Dejen tranquilo a
Eduardo Gómez

Miércoles, 26 de noviembre de 2014

Uno de los invitados que más nos han sorprendido últimamente ha sido Eduardo Gómez, ese icono de la comedia vecinal, ese actor intemporal que bien podría haber nacido hace cien años, trescientos o la semana pasada. Un hombre al que quiere todo el mundo y que cuando abre la boca ya te ríes. Diga lo que diga, cosa que le jode un poco porque "a veces no quiero ser gracioso, pero se ríen igual". Gómez llamó una noche a una de nuestras secciones en directo donde contactamos con los espectadores por el mero gusto de hablar. Se coló por sorpresa y nos gustó tanto que le invitamos unos días después. Y así fue. El actor tiene un discurso desmitificador sin complejos. Le importa un pimiento la fama y ya se ha bajado del tren de La que se avecina porque "estaba cansado física y psicológicamente". Lo mejor vino cuando le pregunté qué esperaba del futuro. "Mira, yo lo que quiero es estar en el sofá de mi casa en la Costa del Sol e ir recibiendo guiones y mandarlos a la mierda tirándolos por la ventana. De momento, solo tengo el sofá". No se me ocurre otra manera más nihilista y mediterránea de encarar lo que está por llegar. Hagan el favor de dejar tranquilo a este señor, disfrutar de su presencia y ofrézcanle papeles a su altura, que es mucha. Ahora que, por lo que parece, vuelven a estar de moda las comedias, puede que llegue el gran momento de Gómez. Mándenle un guion.

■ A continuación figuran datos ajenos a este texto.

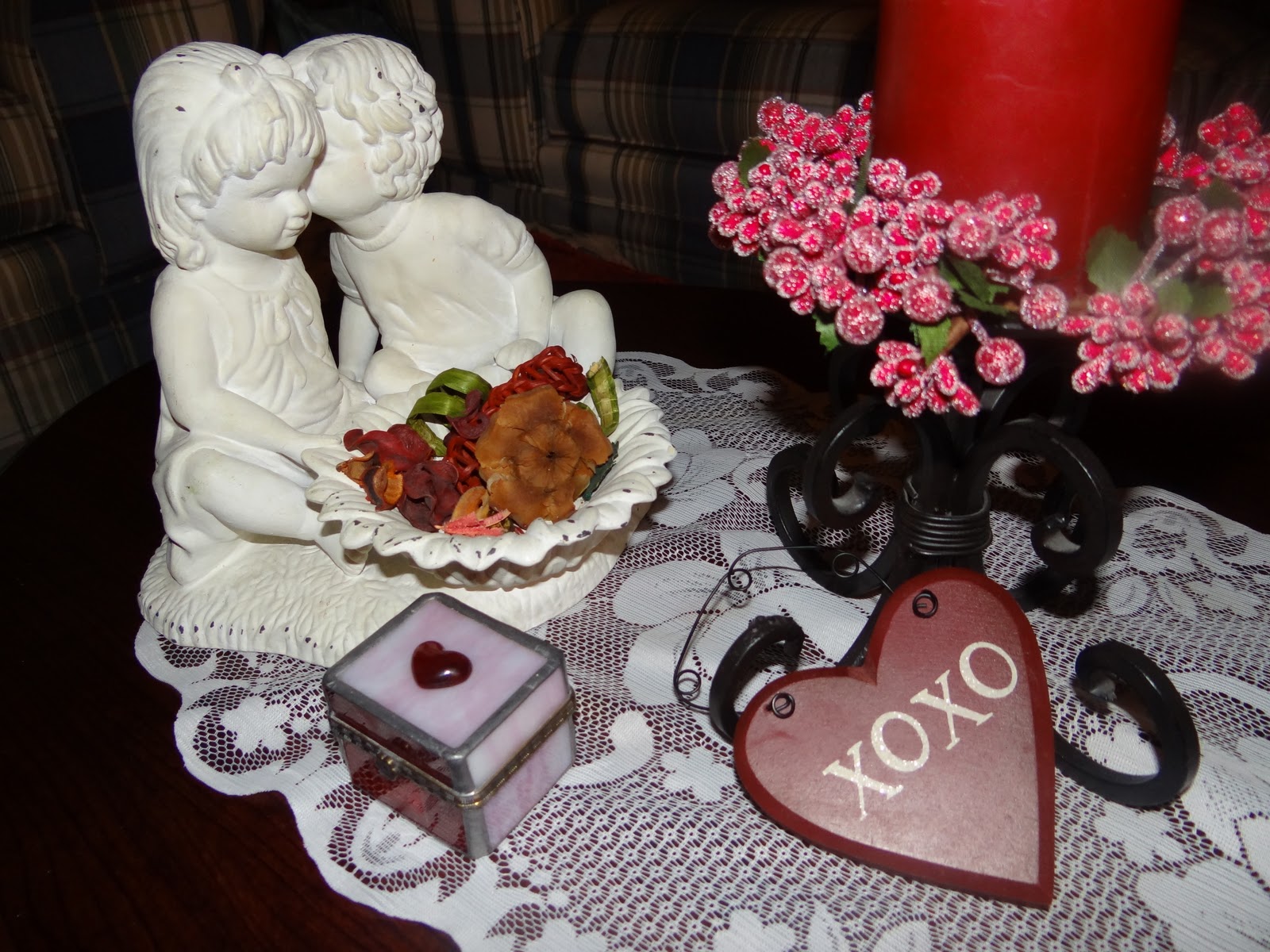 It’s amazing how much stuff you can accumulate when you go shop the after holiday sales for a few years……I got lots of cute stuff for just a dollar or two. This is my coffee table…..I love this little stained glass heart box…. |

La corrupción: ese gran guión
No hay noche en la que nuestro programa no incluya algo sobre la corrupción. De hecho, ahora empiezo siempre diciendo "corrupciones y buenas noches". Un homenaje a Sandro Rey y su "bendiciones y buenas noches". La corrupción se ha convertido en el gran filón del que ir a sacar la materia prima para el guion humorístico. Una triste realidad (¿marca España?) sirve para una divertida parodia. Así está el patio y no parece que vaya a ir remitiendo, más bien al contrario. Abundan los mensajes en las redes que nos dicen "menos mal que dais la vuelta a tanta porquería para que nos riamos". Pues sí, al menos lo intentamos. Pero es que no tenemos otra elección. A veces nos preguntamos si no estaremos abusando, y a pesar de ser conscientes de que somos los más imperfectos del planeta, algo nos empuja a sacar esos trapos sucios (que nos afectan a todos) y ejecutar la terapéutica misión de reducirlos a broma públicamente. Es una manera inofensiva de desahogarnos. Luego hay otra, que sería no olvidarse de toda esta podredumbre en las próximas elecciones, pero hay pruebas desconcertantes en el pasado de que la gente no se acuerda en ese momento decisivo y vuelve a votar a los de siempre. ¿Sucederá de nuevo?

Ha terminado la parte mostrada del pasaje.